WILV
- Loves Park, Illinois; United States;
- Broadcast area: Rockford, Illinois; Janesville, Wisconsin; Beloit, Wisconsin;
- Frequency: 91.1 MHz
- Branding: K-Love

Programming
- Format: Christian contemporary
- Network: K-Love

Ownership
- Owner: Educational Media Foundation
- Sister stations: WQFL

History
- First air date: March 28, 1988
- Former call signs: WGSL (1987–2015)

Technical information
- Licensing authority: FCC
- Facility ID: 11064
- Class: B1
- ERP: 7,000 watts
- HAAT: 161 meters (528 ft)

Links
- Public license information: Public file; LMS;
- Webcast: Listen live
- Website: www.klove.com

= WILV =

WILV (91.1 FM) is a radio station broadcasting a Christian contemporary format as an affiliate of K-Love.
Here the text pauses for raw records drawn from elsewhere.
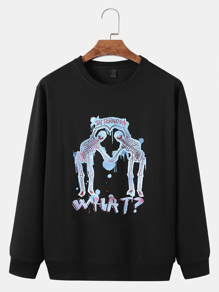 Men 100%Cotton Pattern Skull Funny Letter Crew Neck Casual Pullover Sweatshirt – Black S
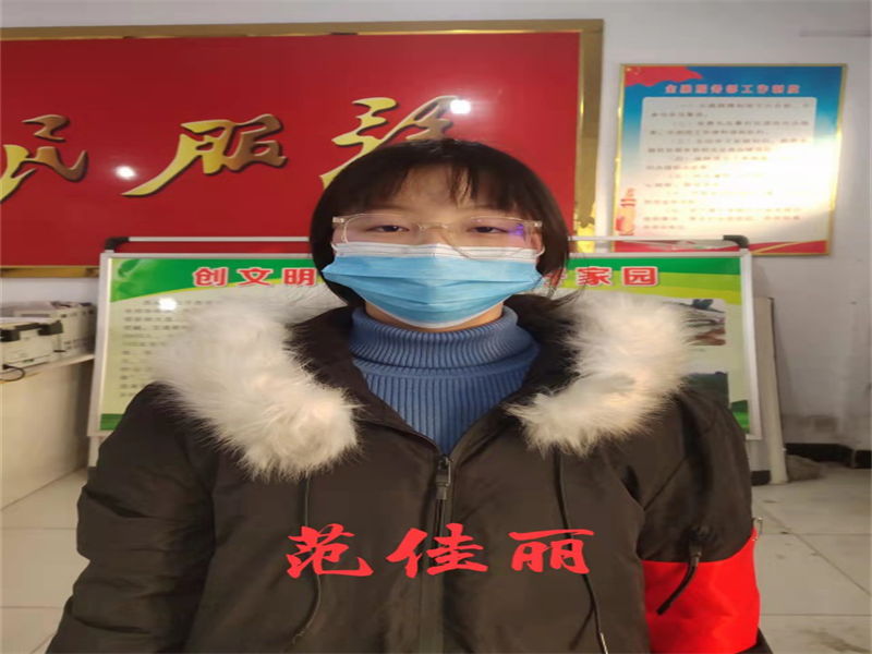 此轮寒假期间爆发的疫情也牵连了21物工01班的范佳丽同学的家乡,范佳丽同学所在的村委会工作人员连日奋战在一线,范佳丽同学的主要工作为协助医护人员紧急进行全员核酸检测。范佳丽同学认为作为一名老员工就应该不惧困难且勇往直前,她相信只要大家众志成城、齐心协力,就一定可以战胜疫情,迎来美好的明天。
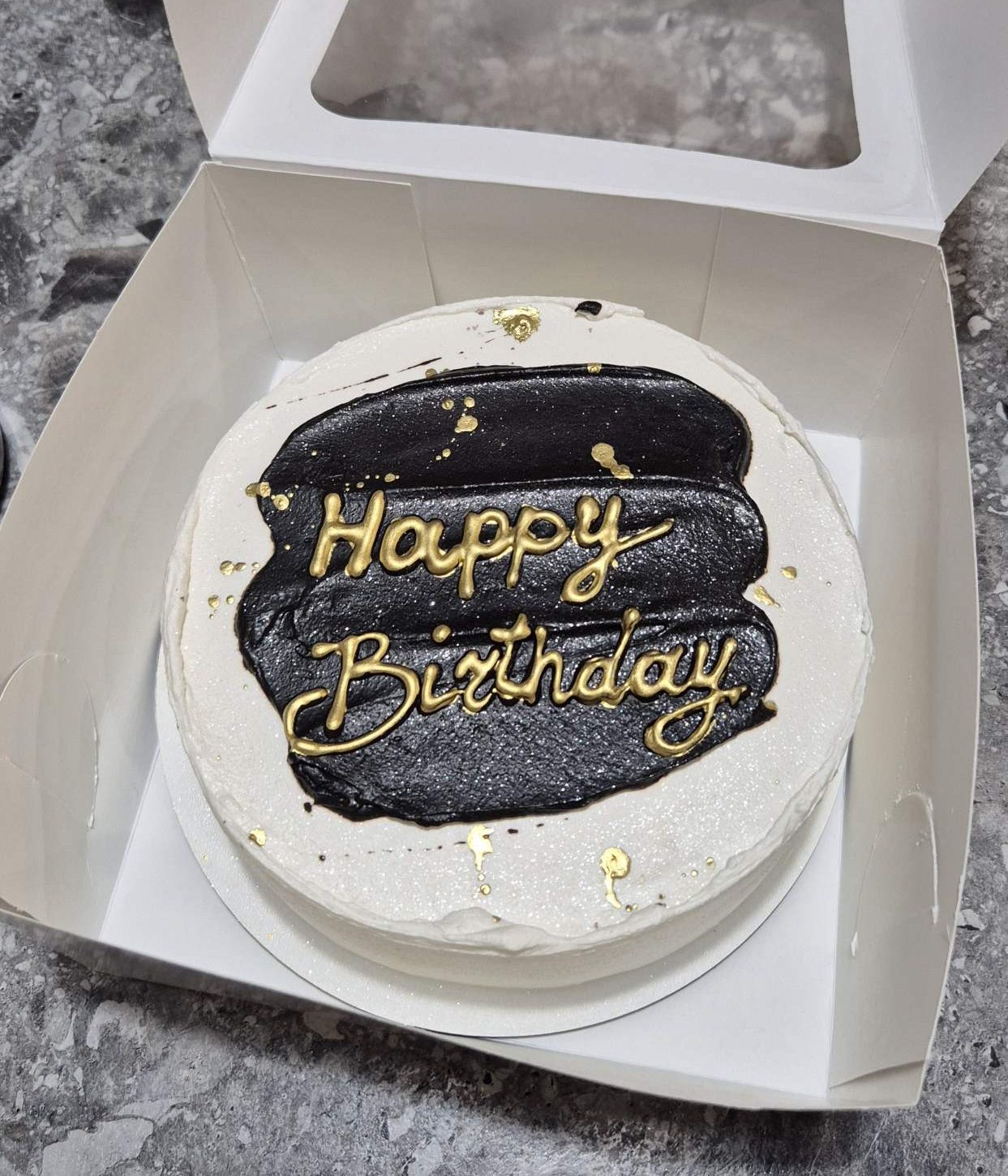 Bento cake minimalist alb-negru, cu cremă fină, decor negru texturat și detalii aurii, inscripționat „Happy Birthday”, creat manual în laboratorul Emys Cakes – mini tort elegant pentru aniversări la Chișinău. Alege combinația preferată de blat și cremă din umpluturile speciale pentru bento: https://emyscakes.md/umpluturi-bento/

Licensed to Loves Park, Illinois, and serving the Rockford area, the station is owned by Educational Media Foundation.

==History==
WILV began broadcasting as WGSL on March 28, 1988. The station was owned by Rockford First Assembly of God and aired a Christian format branded "Radio 91", with the slogan "Your Home for Life". The station aired Christian talk and teaching programs such as In Touch with Dr. Charles Stanley, Back to the Bible, Focus on the Family, and Grace to You with John MacArthur, as well as Christian music and Pacific Garden Mission's Christian radio drama Unshackled!. In 2009, the station was sold to Educational Media Foundation, along with 100.9 WQFL, for $2 million.